MONEY to support people hit by the “bedroom tax” has been cut by more than £10,000, it has been revealed.

Oxford City Council’s discretionary housing payments (DHP) grant is used to help people facing homelessness should they not be able to cover their rent.

But the pot has been cut from £525,369 in 2013/14 to £514,496 this year, 2014/15.

This is despite a council report claiming demand could rise for the payments, which are aimed at helping short-term crises.

Suzy Drohan, manager of Oxfordshire Welfare Rights, which helps people with their benefit claims, raised concerns.

She said: “We wouldn’t welcome any cuts to the most vulnerable. We know what a difference it can make.

“I view the payments not as an open-ended solution but it might buy you time to sort your issues out.

“It may be the discretionary housing payment is what they need to get by.

“Some people might not be applying for it when they should be, so there is the awareness of doing it.”

Residents can apply for the payments if their housing benefit does not cover their rent and they risk becoming homeless.

In March the Oxford Mail reported the Labour-run council had to hand back a £100,000 underspend to the Department for Work and Pensions (DWP) – which gives out the cash – for 2013/14.

The council underspent by £200,000 last year, but was able to keep half of that.

Last year a total of 802 payments – for 498 people – were granted out of 1,006 applications.
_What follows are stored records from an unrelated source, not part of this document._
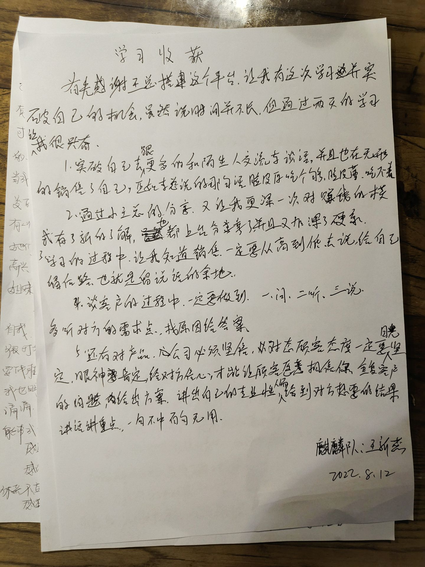 在這次特訓會中,各位學員們都寫下心得體會,記錄自己的蛻變之旅,分享自己的每一次進步,紛紛感謝公司和萬邦老師為自己提供了成長的機會。
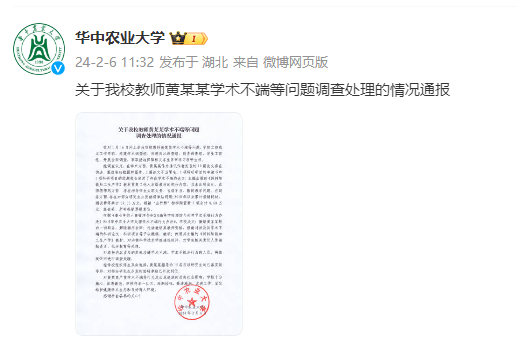 2月6日,華中農(nóng)業(yè)大學(xué)通報(bào)教師黃某某學(xué)術(shù)不端等問(wèn)題調(diào)查處理情況。具體如下:
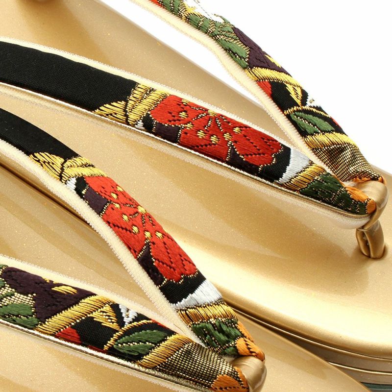 痛くなくて歩きやすい、初めての方にも安心の履き心地 振袖 成人式 草履バッグセット 振袖用 振り袖 フリー Lサイズ ゴールド ブラック 金 黒 白 桃 緑 菊 花づくし 帯地 2枚芯 日本製
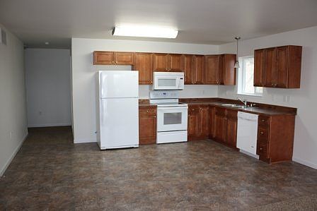 Kitchen features, electric stove, refrigerator, dishwasher and over the range microwave. Master suite with two full sized closets and on suite full bath. Open kitchen, dining, living room floor plan. One car garage. Energy efficient on demand heating system and in floor radiant heat. House shares driveway with three other houses. Washer and Dryer provided. Pets on approval, No smoking in home. Water, sewer, trash included in rent. Owner pays water, septic, trash. Tenant Pays gas and electric.
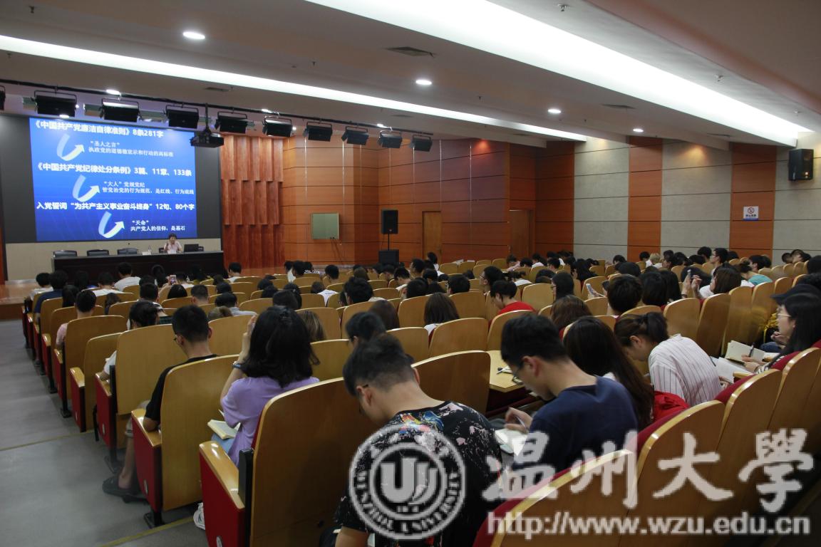 2018年6月20日下午,日本a片 步青学区一百多位毕业生党员齐聚南校雁山厅,聆听在校的最后一堂党课——把好廉洁关,走对人生路。党课由日本a片 纪委、监察室陈小敏老师主讲。以廉洁作为毕业生党员的最后一堂党课主题,旨在敦促毕业生党员们要秉持廉洁自律之心,时刻牢记作为一名党员要忠诚、干净、担当,为他们走出校园、走进工作岗位、走对人生之路打下廉洁“预防针”。
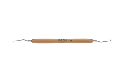Curette för avlägsnande av djup subgingival tandsten och finishering av subgingivala rotytor på mesialytor hos molarer, mer vinklad i halsen än Gracey Mini 11-12.
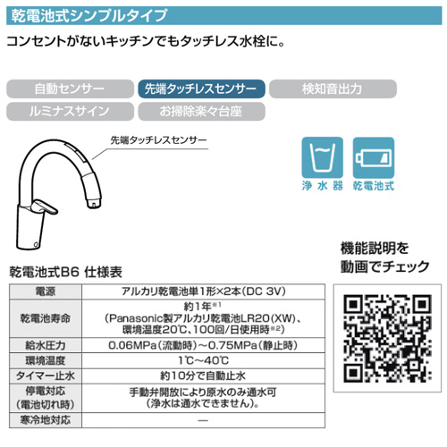 ・付属品:浄水カートリッジ(JF-45N)、浄水ホース、取付ブラケット、接続プラグ、アルカリ電池単1形2本
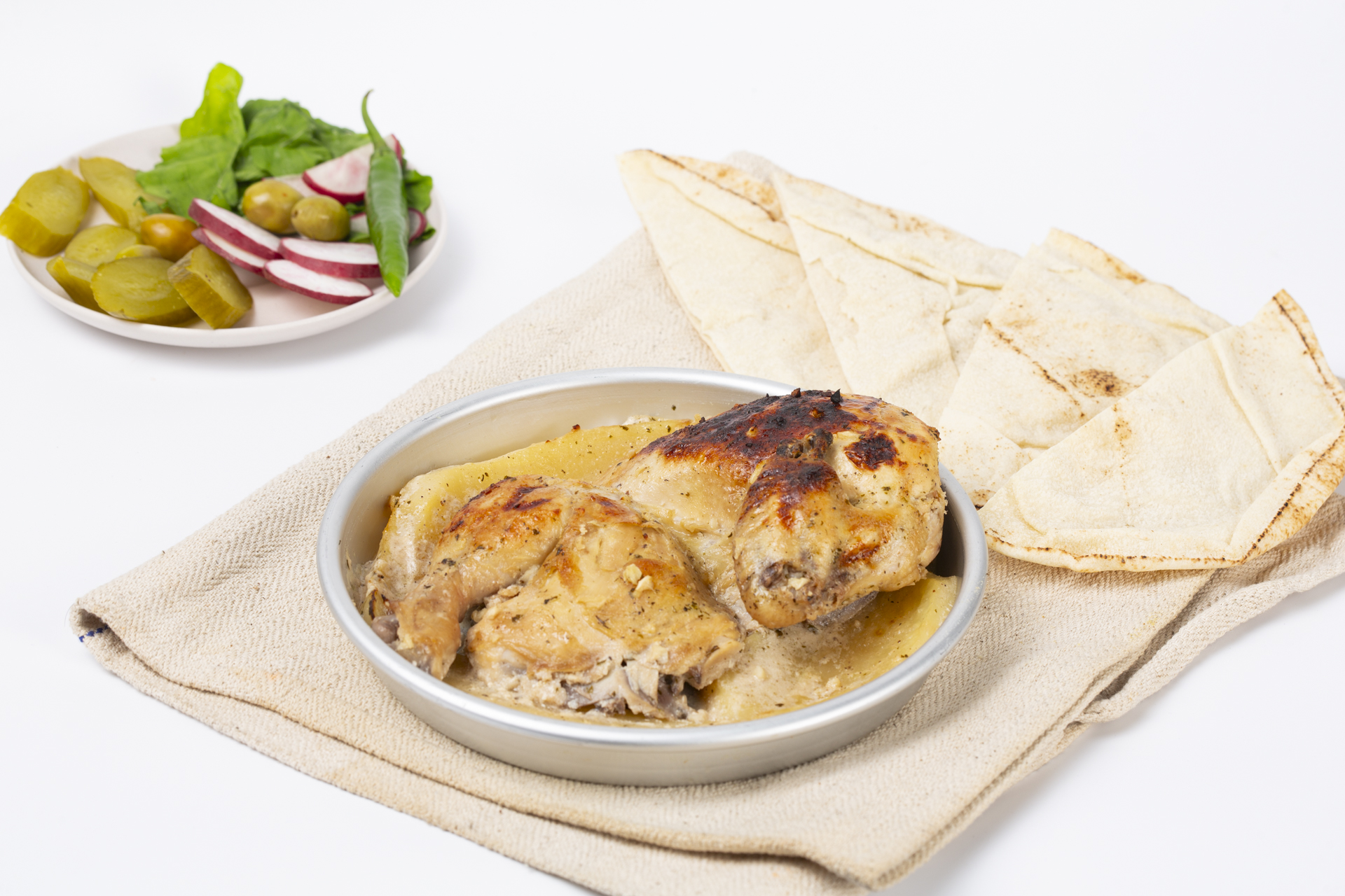 Oven-baked chicken and potato wedges cooked with lemon garlic and warm spices until golden and tender. A bright and comforting Levantine favorite. Served with yogurt and your choice of warm bread or vermicelli rice, pickles and green olives.
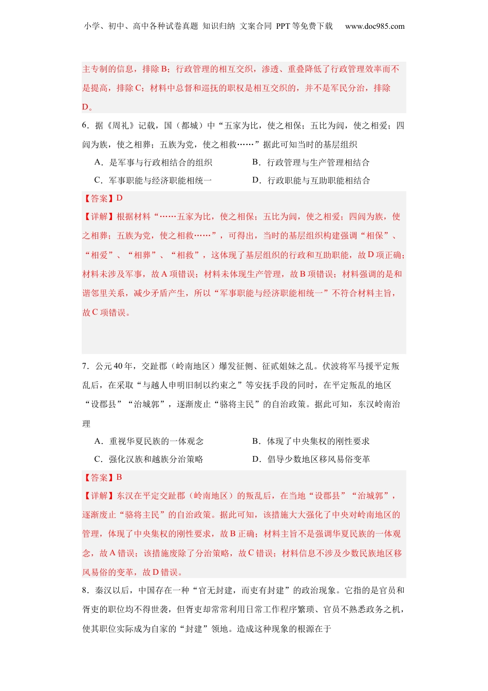 小学、初中、高中各种试卷真题知识归纳文案合同PPT等免费下载www.doc985.com政治类热点--古今中外行政管理制度--2024届高三历史统编版二轮复习1.1939年,国民党政府开始推行所谓“新县制”。据川、康、滇、黔、桂、闽、浙、院、鄂、赣、湘、陕、豫、甘、宁、青16省1942年底的总计,调整县政府1119个,区署1853个,建立乡镇公所3470个,保办公处.379681个,甲4118413个。这说明“新县制”意在A.巩固国民大革命成果B.加强对基层政权的控制C.削弱共产党地方实力D.抵制日本军事侵略扩张【答案】B【详解】依据材料信息可知,国民党政府推行“新县制”主要是为了加强对基层政权的管理和控制,故B项正确;国民革命的时间是1924—1927年,与题干时间不符,A项错误;抗战时期中国共产党统治区域主要为陕甘宁边区和华北敌后根据地,材料中“新县制”推行的省份不是主要针对共产党统治区域,C项错误;抵制日本军事控制主要依靠军队和人民的反侵略斗争,与推行“新县制”关系不大,D项错误。2.有学者在对中国古代政治总结时说,中国古代的政治制度最大的局限性在于它是一个统治性政权,不是一个发展性政权,更不是一个为国民共享的服务性政权。可见中国古代所有制度设计都围绕的一个核心是A.维护统一多民族国家主权B.维护专制主义的中央集权制度C.维护儒家思想的正统地位D.维护以“家天下”为核心的王权【答案】D【详解】根据材料信息“中国古代的政治制度最大的局限性在于它是一个统治性政权,不是一个发展性政权,更不是一个为国民共享的服务性政权”可得出学者认为古代政治不是为国民服务的政权,那反过来自然就是为皇家服务的,D项正确;材料中没有涉及统一多民族国家的内容,排除A项;材料体现的是古代社会的政权都是为王室服务的,排除B项;材料中没有涉及儒家思想,排除C项。3.中华人民共和国成立以来,户籍制度不断改革。1962年政府颁布《关于加强户口管理工作的意见》,1984年颁布《关于农民集镇落户问题的通知》,1985年颁布《关于城镇暂住人口管理的暂行规定》,1997年颁布《关于小城镇户籍改革试点方案》。这些改革的共同目的是为了小学、初中、高中各种试卷真题知识归纳文案合同PPT等免费下载www.doc985.comA.缩小城乡差别B.适应社会发展需要C.发展农村经济D.尽快提高城市化率【答案】B【详解】据题意可以看出,户籍制度不断改革意旨是在加强户籍管理,同时逐渐允许农民进入城镇落户,这适应了我国经济发展和城市化发展的需要,因此目的是适应社会发展需要,B项正确;AD不是户籍制度改革的根本目的,均排除;C项不能反映城市户籍改革的目的,排除。故选B项。【点睛】4.唐朝建立后,在地方控制体系上,分为正州和羁縻府州两大系统。正州县尽可能地实行统一的乡里制度,将民户纳入王朝国家的政治经济与社会控制体系中;而羁縻州则保留边疆地区固有的部族编制或其他固有的社会组织,通过其固有的社会组织方式维持其统治秩序。据此可知,唐朝的羁縻州A.为后来藩镇割据埋下了严重隐患B.本质上是因地制宜的社会管理模式C.尚未纳入国家政治经济控制体系D.实现了中央对边疆地区的直接管理【答案】B【详解】由材料信息“羁縻州则保留边疆地区固有的部族编制或其他固有的社会组织,通过其固有的社会组织方式维持其统治秩序”可知,羁縻州是唐代根据不同地区的政治、经济、社会环境与历史文化背景,而采取的不同的社会控制方式,即本质上是因地制宜的社会管理模式,故选B项;羁縻州的设置与后来的藩镇割据无关,故排除A项;羁縻州虽然保留边疆地区固有的部族编制或其他固有的社会组织,但仍然受到国家政治控制,故排除C项;D项体现的是正州的管理效果,故排除。5.在清代的地方行政管理体制中,巡抚主民政事务,总督主军事。但实际上,二者的职权具有相当的类似性,可以说是相互交织,彼此渗透,且有的督抚其辖地也有局部重叠。这一做法是为了A.打破权力垄断以加强中央集权B.加强君主专制以维护皇权独尊C.提高地方行政管理制度的效率D.军民分治以加强地方的独立性【答案】A【详解】从地方行政管理制度转变的角度看,从明代的三司体制到清代的督抚体制,统治者这样做...

Executive board member for benefits and customer services Susan Brown said a delay in rolling out ‘Universal Credit’ – where benefits are combined – in 2013/14 meant there were fewer claims than expected.

But demand for DHP could rise when it is introduced and some see their benefits cut, she said.

A DWP spokesman said the council had managed its budget “carefully”.

He said: “Last year we gave local authorities £180m in DHP funding to help people through the introduction of our reforms, including a £20m reserve fund which councils could bid for. Oxford City Council did not apply.

“Our reforms are bringing fairness back to a social housing system in which around 300,000 households were living in overcrowded conditions while over 800,000 bedrooms went spare.”

The report was discussed by the council’s scrutiny committee on Tuesday.